Travels in the Lesser Himalaya
William Mackay (Bill) Aitken
Transcript of an address delivered in Delhi on 15 March 2008 during the 80th Anniversary celebrations of the Himalayan Club
80th anniversary platforms require one speaker to appear suitably geriatric without being entirely senile. I have the honour to fit the bill.
Gatherings like this in America, I am told, do not end until the fat lady sings. In Delhi, mountaineering meets do not end until Chris Bonington speaks. For a whole generation now, he has been an exemplary honorary member of the Club commuting to the Himalaya annually and is always ready to share his findings with members on his return. Such loyalty constitutes the Club's real assets and his generous instincts account in large measure why we are able to be here celebrating the Club's 80th anniversary.
Sir Chris is popularly identified with expeditions to the Great Himalaya, though in recent times he has relocated his affections and writes with pleasure about the Lesser range, a terrain less trodden but endowed with a character of its own.
The highest peak, Churdhar, a shade under twelve thousand feet, corresponds to the lowest point on the crest of the Great Himalaya and ironically Churdhar was the highest peak climbed by Sir George Everest. Not only is the view from the top stunning, but it is free from the demands of peak fees, permits and father's name (- if any!).
In view of our date with the ladies Nanda Devi and Chomolungma this evening, it is fitting that our president Suman Dubey is well acquainted with the moods and persona of both.
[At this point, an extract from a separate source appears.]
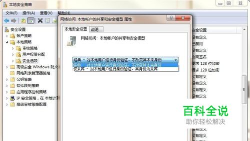 系统登录窗口默认以guest用户登录,无法更改时,点“本地策略”--“安全选项”,更改策略"网络访问: 本地帐户的共享和安全模式" ,为 经典模式 即可。
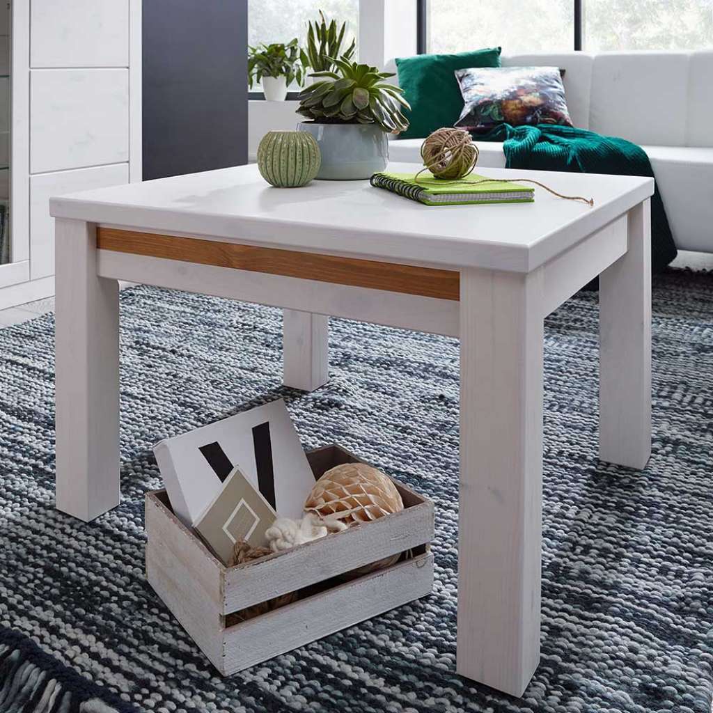 Wohnzimmertisch in Weiß und Eichefarben Kiefer Massivholz

The Club is fortunate in installing problem solvers at the helm and our outgoing president Dr Gill retires with bouquets of blessings for succeeding in the impossible mission of providing members a Club centre in Mumbai.
With climatic changes and the planned diversion of rivers on the Roof of the World, traditional assumptions on the role of the Himalaya urgently require reconsideration and the Club is well placed to engender meaningful debate. We are indebted to our other distinguished speaker
Harish Kapadia for stimulating such discussion in the club journal. Harish's success as an editor has been to unscramble conflicting data.
In the Himalayan arena no one has sacrificed more than Harish and Geeta. All who cherish life's noblest instincts honour the memory of their son Lieutenant Nawang Kapadia of the 4th Battalion 3rd Gorkhas and a Club member who laid down his life in protecting the ordinary citizen's freedom to enjoy the Himalaya.
Many imagine the aim of the Himalayan Club is to climb mountains but primarily the Club's brief is to encourage travel in, and extend knowledge of, the range. The spectrum of subjects included in the latest 63rd issue of the Himalayan Journal proves that the Club welcomes hikers as much as climbers, the scientifically endowed as well as the muscularly disposed and bird, plant and wild life lovers as much as peak baggers.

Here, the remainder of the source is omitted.